§ DATA BLOCK
== Segment start ==

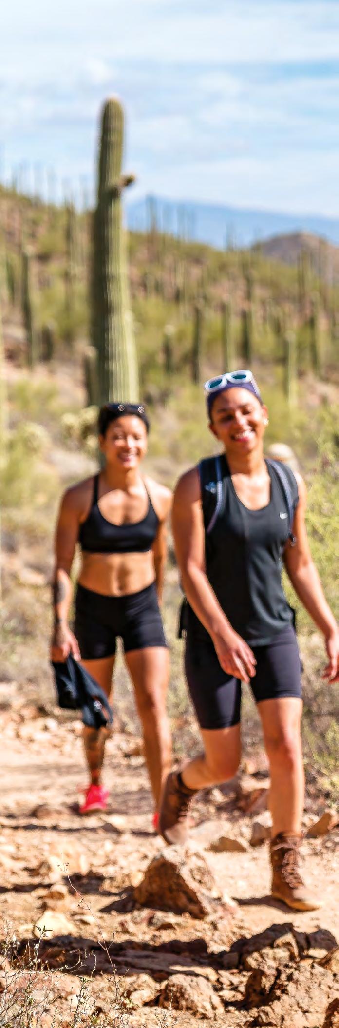 erceau des saguaros emblématiques et des majestueuses Sky Islands” (îles célestes), Tucson est une invitation permanente à l’exploration. Face à l’infinité des sentiers et des panoramas qui s’étendent à perte de vue, votre seul véritable défi sera de choisir votre prochaine destination. De gauche à droite : VTT à The Chutes ; Escalade dans la forêt nationale de Coronado
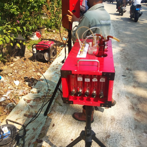 - Pengujian lapangan—alat digunakan di pinggir jalan, mengindikasikan fokus pada emisi lalu lintas.
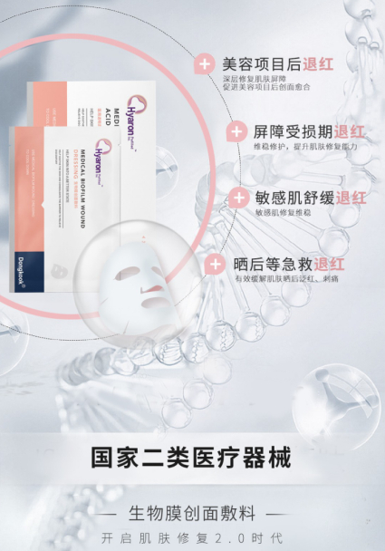 东国生物膜创面敷料,国家二类医疗器械资质,“械注准”退红面膜,主打退红,应用于美容项目后退红、敏感肌退红、日常皮肤急性期的退红等多场景,机构好评率高、销量前二的“械注准”退红面膜,用户反馈修复退红效果好。

== Segment end ==

Copy out the data above exactly, except the pictures.

§ SOLVED PROBLEM
 erceau des saguaros emblématiques et des majestueuses Sky Islands” (îles célestes), Tucson est une invitation permanente à l’exploration. Face à l’infinité des sentiers et des panoramas qui s’étendent à perte de vue, votre seul véritable défi sera de choisir votre prochaine destination. De gauche à droite : VTT à The Chutes ; Escalade dans la forêt nationale de Coronado
 - Pengujian lapangan—alat digunakan di pinggir jalan, mengindikasikan fokus pada emisi lalu lintas.
 东国生物膜创面敷料,国家二类医疗器械资质,“械注准”退红面膜,主打退红,应用于美容项目后退红、敏感肌退红、日常皮肤急性期的退红等多场景,机构好评率高、销量前二的“械注准”退红面膜,用户反馈修复退红效果好。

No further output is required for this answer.